**DESCRIPTION OF THE TASK**: Exclude the pictures and reproduce the remaining data exactly as written.

(Items listed in a dataset)
===

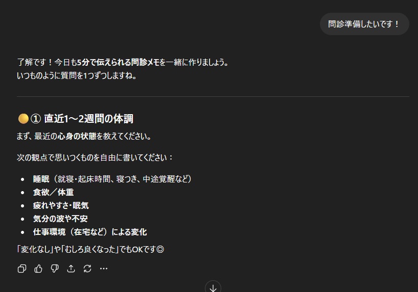 クリニックの問診前準備で、私はこう使っています(↓実際に私がChatGPTに打ち込んだ画面です)。
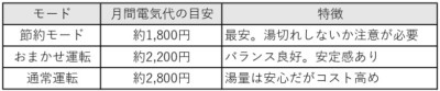 お湯を必要最低限だけ沸き上げ、徹底して節電を目指すモード。
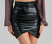 Look and feel like a total babe in this liquid leather mini skirt! It features a high-rise waist. wrapped front. and side ruching to accentuate your curves. Complete the look in suede booties.
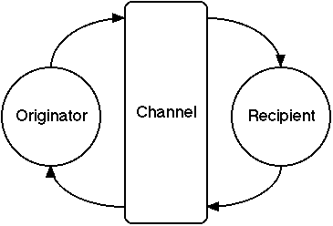 Note that agent processing times and channel delays have been lumped. A study focusing on the impact of communication delays would want to consider them separately, otherwise there is no significant distinction–a general principle might be that communication delays should not be greater than agent processing times. Note also that the diagram is to a large extent symmetrical–the recipient becomes an originator when responding.
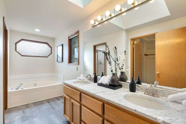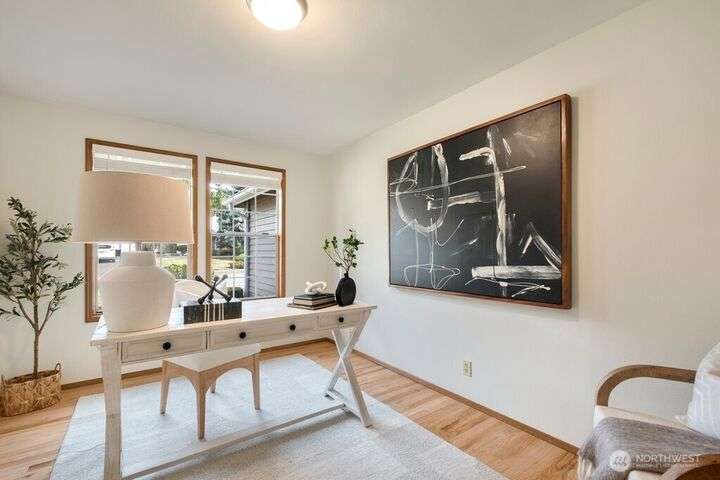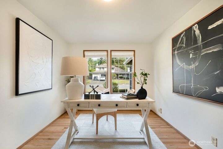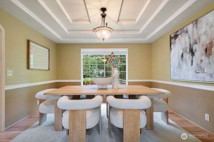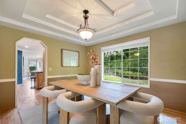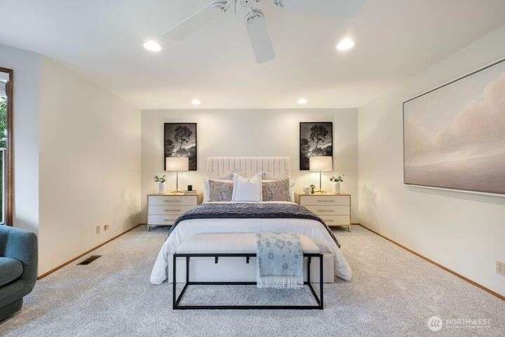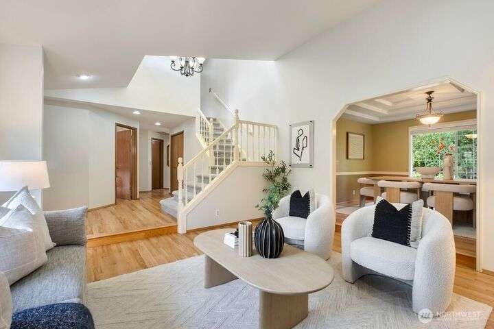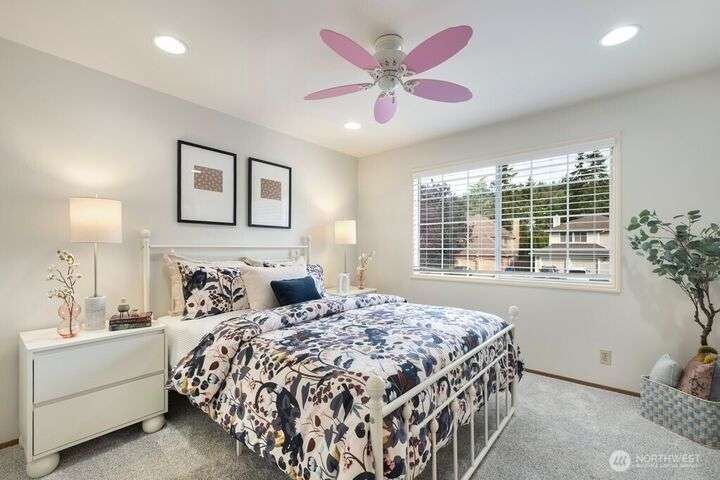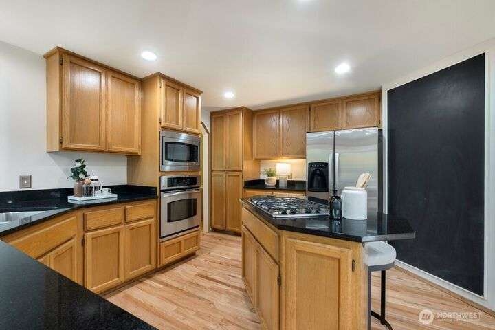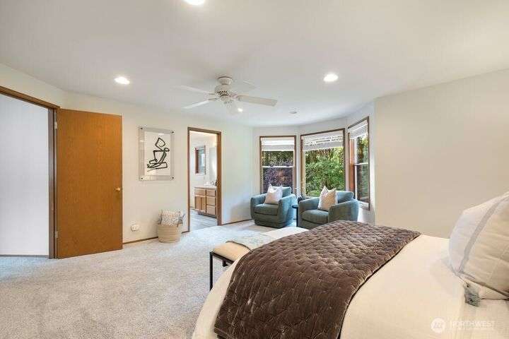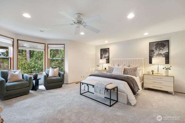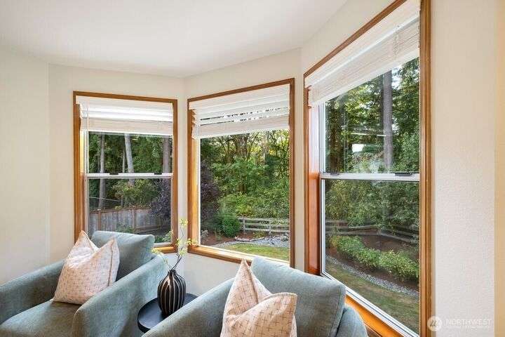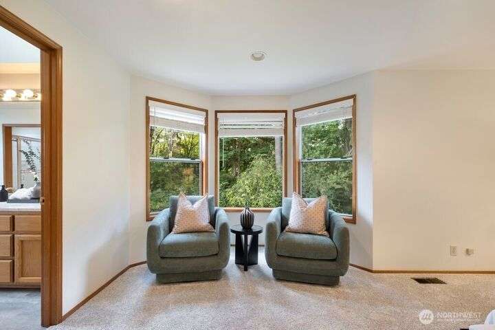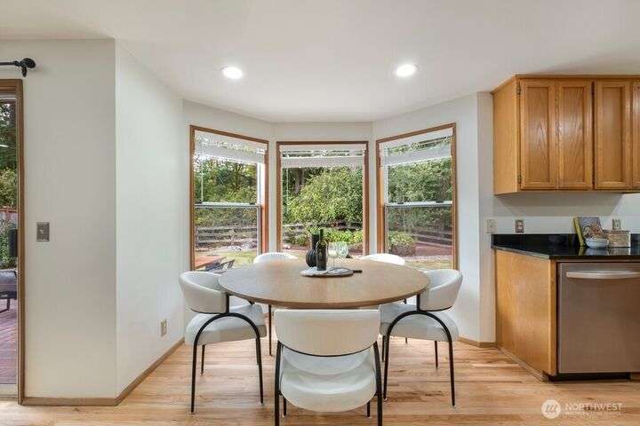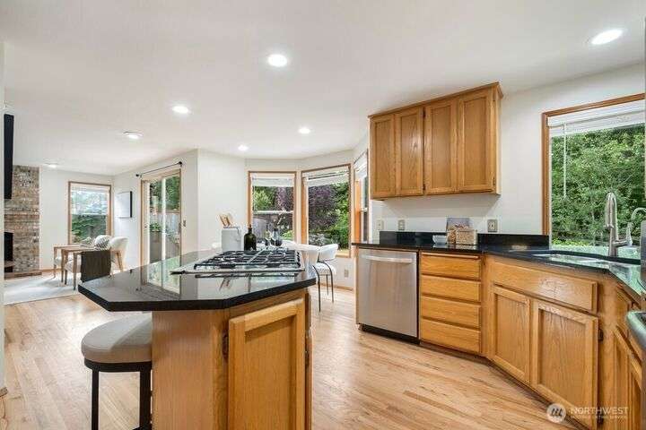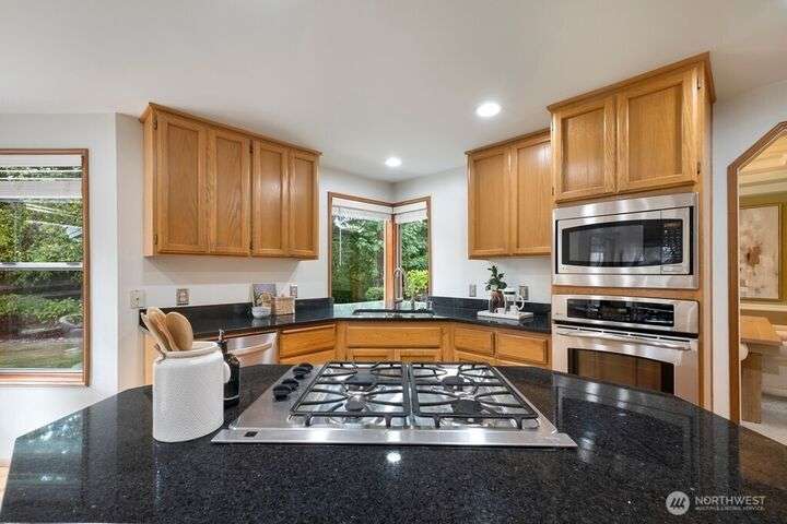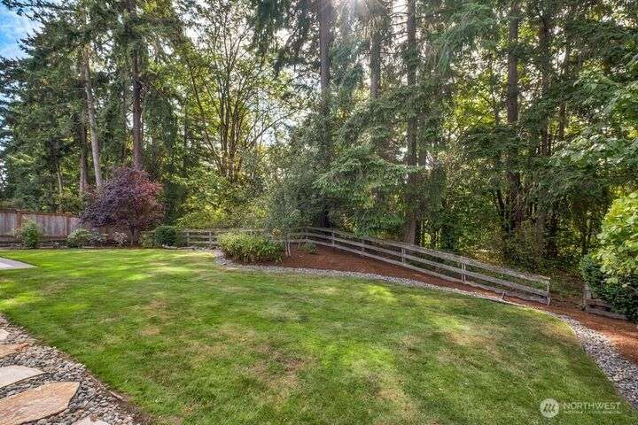 Peaceful meticulously kept home radiates warmth & features a newer roof, fresh interior & exterior paint, new carpet, refinished hardwoods & charming details. The open kitchen offers granite counters, stainless appliances & gas cooktop. Generous light & bright living/dining spaces w/vaulted ceiling, sculpted doorways & inset ceilings. Spacious bedrooms + relaxing spa-like 5-piece primary suite w/tranquil view. Huge flat yard backs to a greenbelt w/patio & gas bbq hookup perfect for entertaining, pets & playtime. Lg 2-car garage w/tons of storage + a dedicated shop. Well located close to Factoria, Newcastle, Golf Course, great parks, food, shops, services, TOP SCHOOLS, + easy access to I-90, I-405, transportation & more. Love where you live.
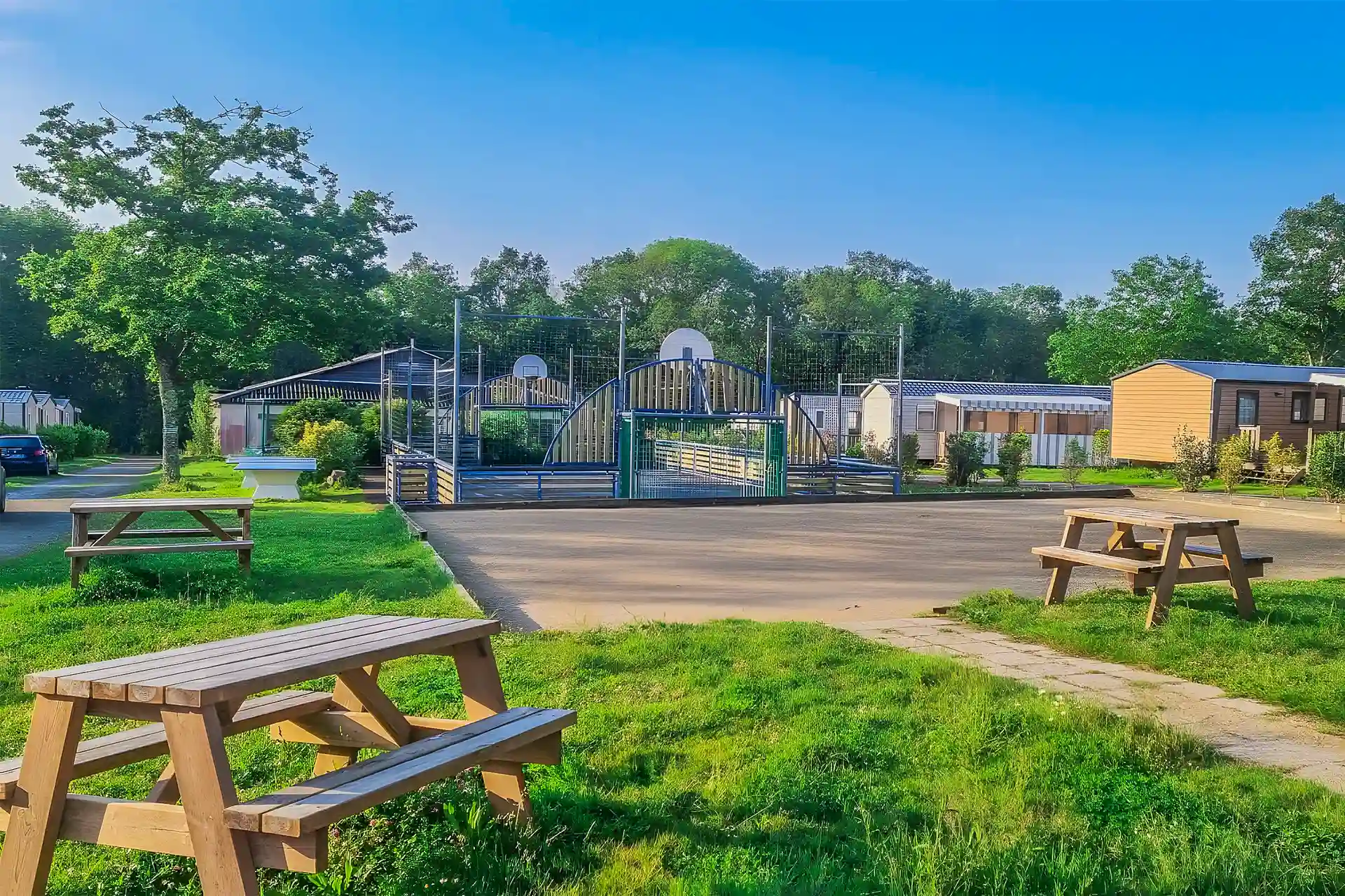 - Aires de jeux équipées de trampolines et d’un espace pour les jeux de ballon
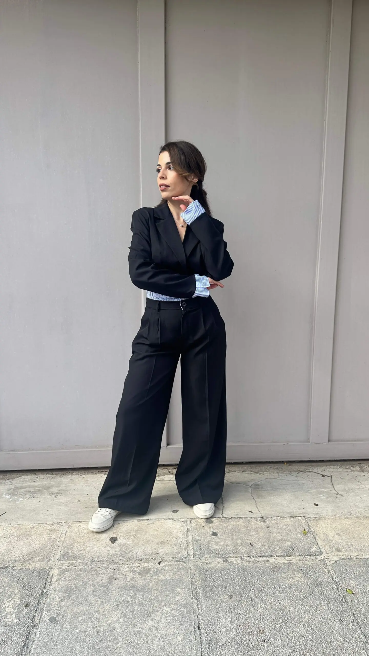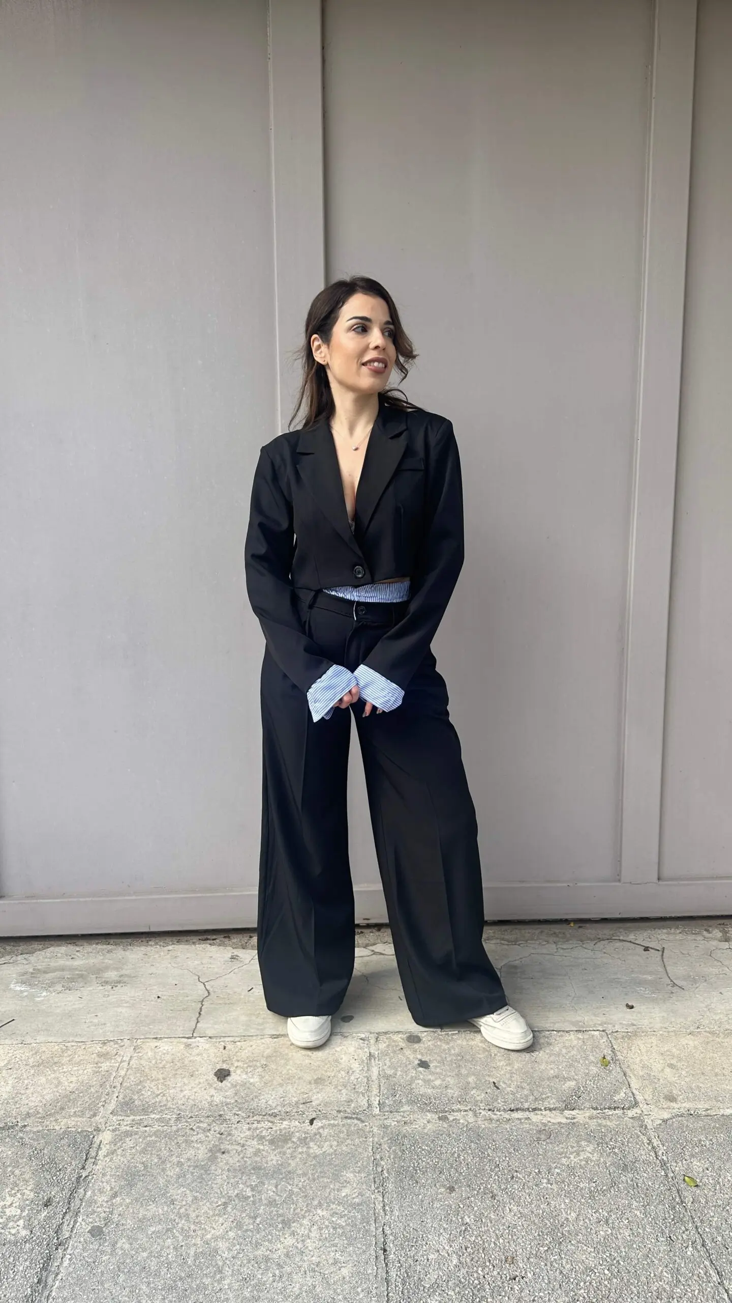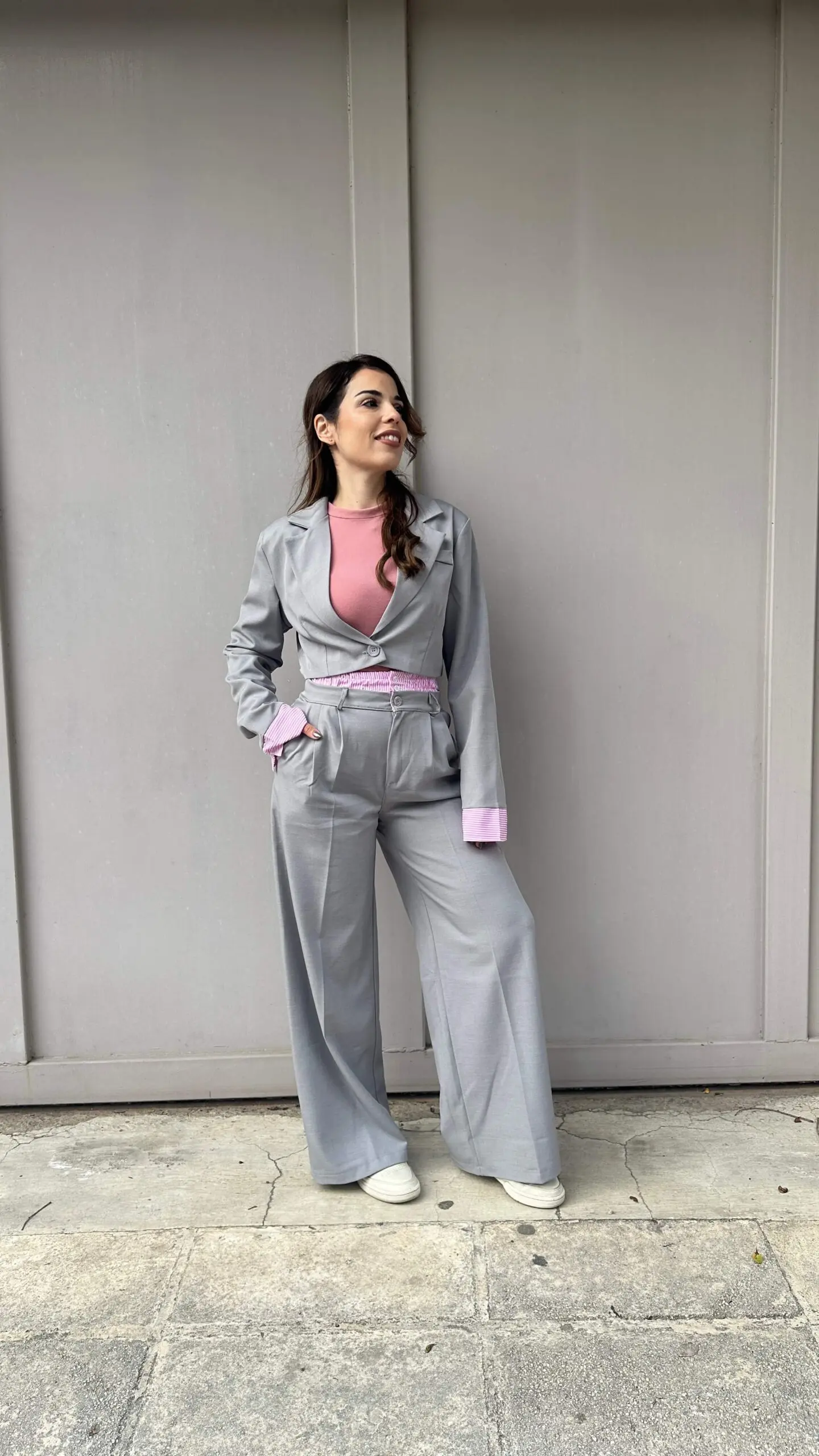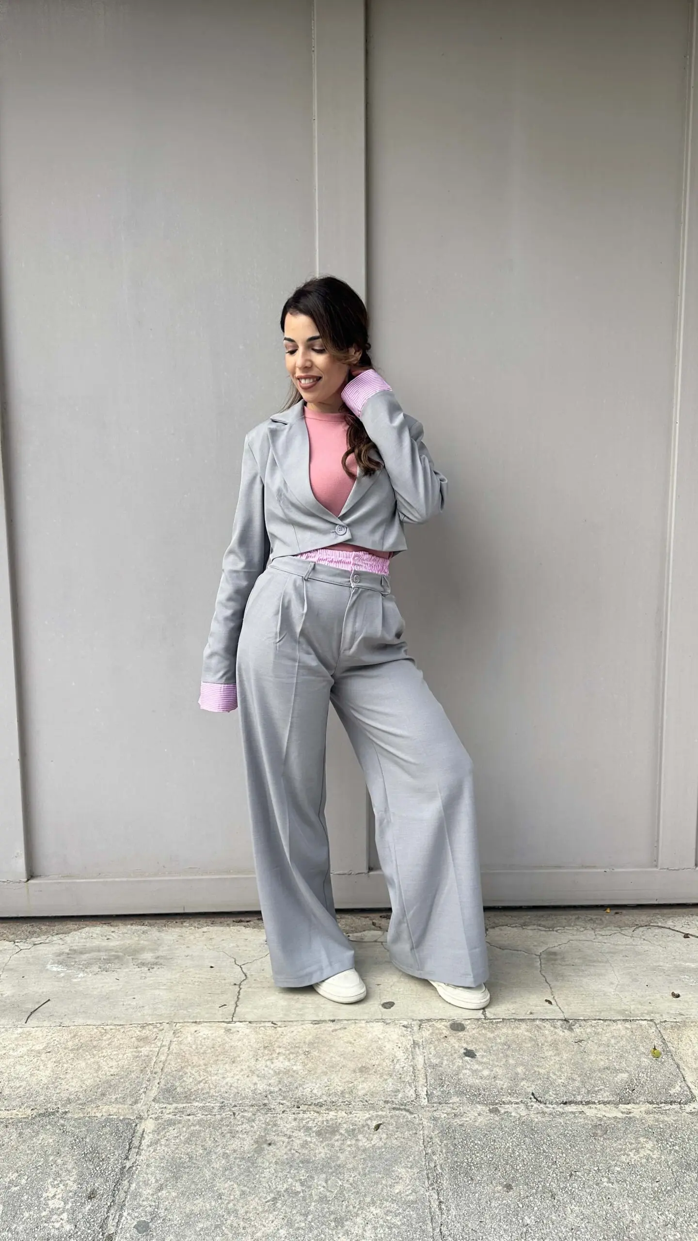 Κοστούμι που αποτελείται από κοντό σακάκι και παντελόνα. το σακάκι κλείνει με ένα κουμπί και στα μανίκια έχει γύρισμα με εφέ ρίγα.Το Παντελόνι είναι σε άνετη γραμμή και το λάστιχο στην μέση έχει εφέ ρίγα . Είναι one size και καλύπτει έως Large

===

**ANSWER SPACE**:
 クリニックの問診前準備で、私はこう使っています(↓実際に私がChatGPTに打ち込んだ画面です)。
 お湯を必要最低限だけ沸き上げ、徹底して節電を目指すモード。
 Look and feel like a total babe in this liquid leather mini skirt! It features a high-rise waist. wrapped front. and side ruching to accentuate your curves. Complete the look in suede booties.
 Note that agent processing times and channel delays have been lumped. A study focusing on the impact of communication delays would want to consider them separately, otherwise there is no significant distinction–a general principle might be that communication delays should not be greater than agent processing times. Note also that the diagram is to a large extent symmetrical–the recipient becomes an originator when responding.
 Peaceful meticulously kept home radiates warmth & features a newer roof, fresh interior & exterior paint, new carpet, refinished hardwoods & charming details. The open kitchen offers granite counters, stainless appliances & gas cooktop. Generous light & bright living/dining spaces w/vaulted ceiling, sculpted doorways & inset ceilings. Spacious bedrooms + relaxing spa-like 5-piece primary suite w/tranquil view. Huge flat yard backs to a greenbelt w/patio & gas bbq hookup perfect for entertaining, pets & playtime. Lg 2-car garage w/tons of storage + a dedicated shop. Well located close to Factoria, Newcastle, Golf Course, great parks, food, shops, services, TOP SCHOOLS, + easy access to I-90, I-405, transportation & more. Love where you live.
 - Aires de jeux équipées de trampolines et d’un espace pour les jeux de ballon
 Κοστούμι που αποτελείται από κοντό σακάκι και παντελόνα. το σακάκι κλείνει με ένα κουμπί και στα μανίκια έχει γύρισμα με εφέ ρίγα.Το Παντελόνι είναι σε άνετη γραμμή και το λάστιχο στην μέση έχει εφέ ρίγα . Είναι one size και καλύπτει έως Large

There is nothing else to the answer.